I've worked places where we would watch live streams of rocket launches (back when launches were less routine than they are now).


It is not unreasonable to ask people to move to an area where people aren't trying to work, even if the event is live. Many people do not care about <x>ball and would like to work, and typically an office is the place where you are supposed to do that. Having the game on in the common work area is incredibly distracting with people cheering.

Many people who are trying to work do not care if the event is live. Even as someone who also enjoys watching rocket launches, I wouldn't cheer loudly when it took off, and I'd probably go to some kind of common area to watch it to begin with.


This is the better approach. Make arrangements for people to watch while not disturbing the rest.


I don't think that's a fair assessment. Quite a few people in this thread do not share the same values that you do, even the more fundamental ones like patriotism.


It isn't a big event though. They kick a ball into a rectangular volume.


And us software devs push buttons on a keyboard. You can make anything sound useless if you make it your goal to do so...


It doesn't matter how big a deal it is. It's not work. Even if it's a natural disaster or a war, if it's not work you go watch it in a break room or you take PTO and stay home or you do whatever you need to ensure that it's not disruptive to others. The level of entitlement necessary to believe that your company and everyone in it should accommodate your personal non-work video watching boggles my mind.


But when the non World Cup watchers are in the minority then you have it exactly backwards. You're asking all the football fans (which at World Cup time is nearly everyone) to accommodate your idiosyncratic personal desire to carry on working.


The desire to carry on working isn't an idiosyncratic personal desire. It's why you're paid to be there, why the space exists. How is that not supernova-level obvious? Can someone's sense of entitlement be so huge that it blots out even that? I wouldn't have thought so until now.

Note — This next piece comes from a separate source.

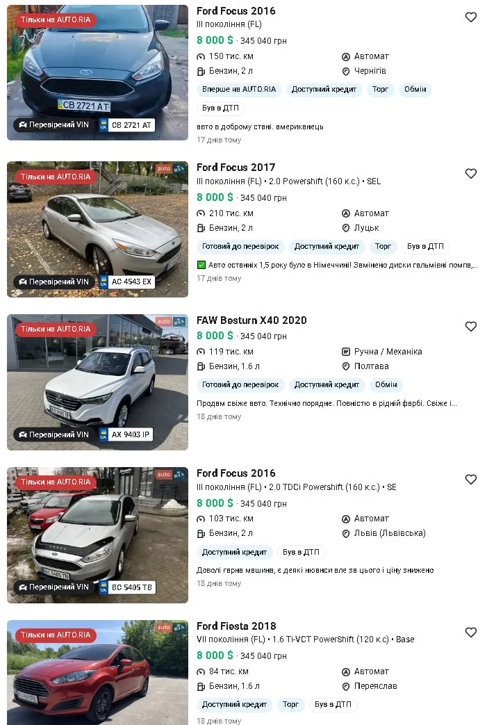 А тепер поглянемо на щось цікавіше – Ford Focus та Fiesta. Тут вибір величезний, але є один великий підводний камінь – «був у ДТП».

It's completely obvious, you're right, but you are missing my point to some extent. It's nothing to do with personal entitlement. I'm guessing you've never been in a European office when the national team is playing an important World Cup match. Probably around 90% of people are not working at that point. Its like a public holiday. Consider the reaction if someone asked all the support staff to come into the office on a Sunday because they felt like getting some work done.


Did I say it is OK to disrupt others in the workplace? Of course it isn't, regardless of the event.

I was responding to a comment that compared watching a movie to following the World Cup live. The two are not comparable at all. I was also responding to other comments that were somehow dumbfounded by others wanting to watch the World Cup in general.